(Beginning of Data provided)

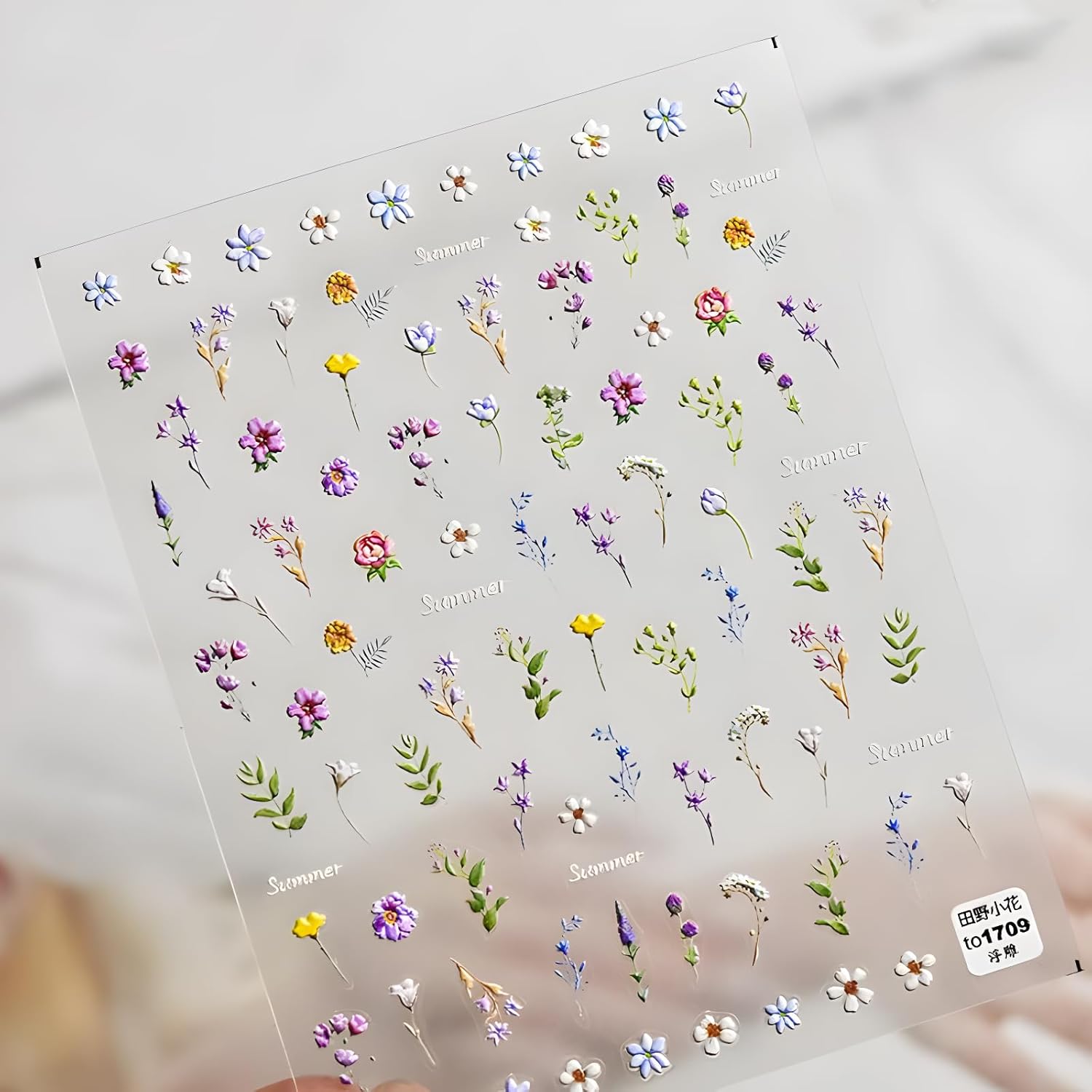 Flower Nail Art Stickers Decals 5D Embossed Self Adhesive Flower Nail Stickers for Nail Art Spring Summer Nail Decals Colorful Floral Nail Supplies Decoration for Women and Girls 2 Sheets
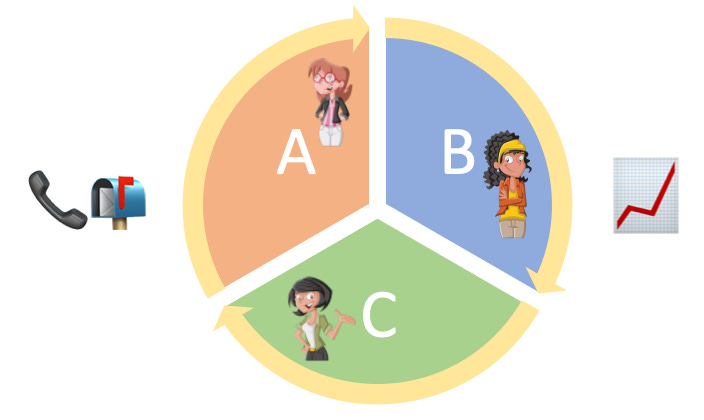 Annette, Beatrice und Carolin arbeiten jede in ihren Phasen so lange an einem Auftrag, bis er für sie in ihrer Rolle im Produktionsprozess abgeschlossen ist. Das bedeutet, Annette fängt einen Auftrag nicht an, wenn der eintrifft, sondern beendet in ihrer Phase A erst den, den sie schon angefangen hatte.
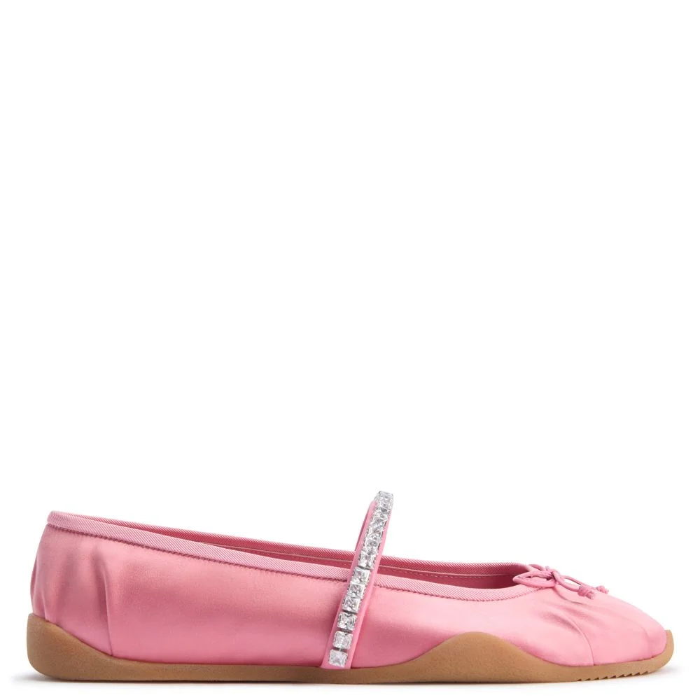 Product Details Mary Jane ballet flats in satin with darts, bow, rhinestone band and honey-colored rubber sole. - pink silk satin - crystal-colored rhinestones - honey-colored rubber sole ORIGIN: ITALY COLOR: LIGHT_PINK
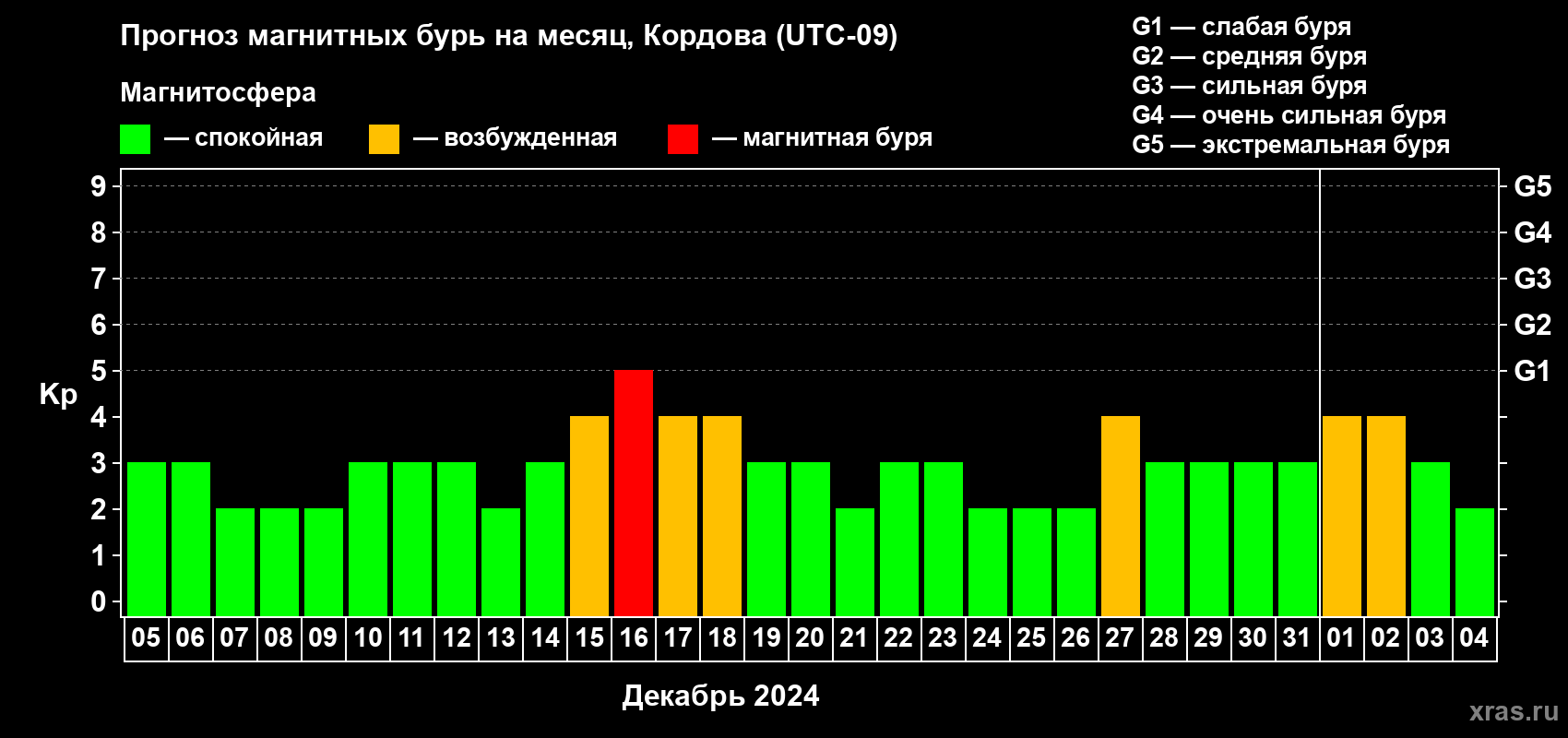 Прогноз магнитных бурь в Кордове — 5 декабря 2023 года

(End of Data provided)

Restrict the output to the lines from the one with "Product Details Mary" through the last line of the material above. Print them exactly, leaving out every picture.

Output of the exercise:
 Product Details Mary Jane ballet flats in satin with darts, bow, rhinestone band and honey-colored rubber sole. - pink silk satin - crystal-colored rhinestones - honey-colored rubber sole ORIGIN: ITALY COLOR: LIGHT_PINK
 Прогноз магнитных бурь в Кордове — 5 декабря 2023 года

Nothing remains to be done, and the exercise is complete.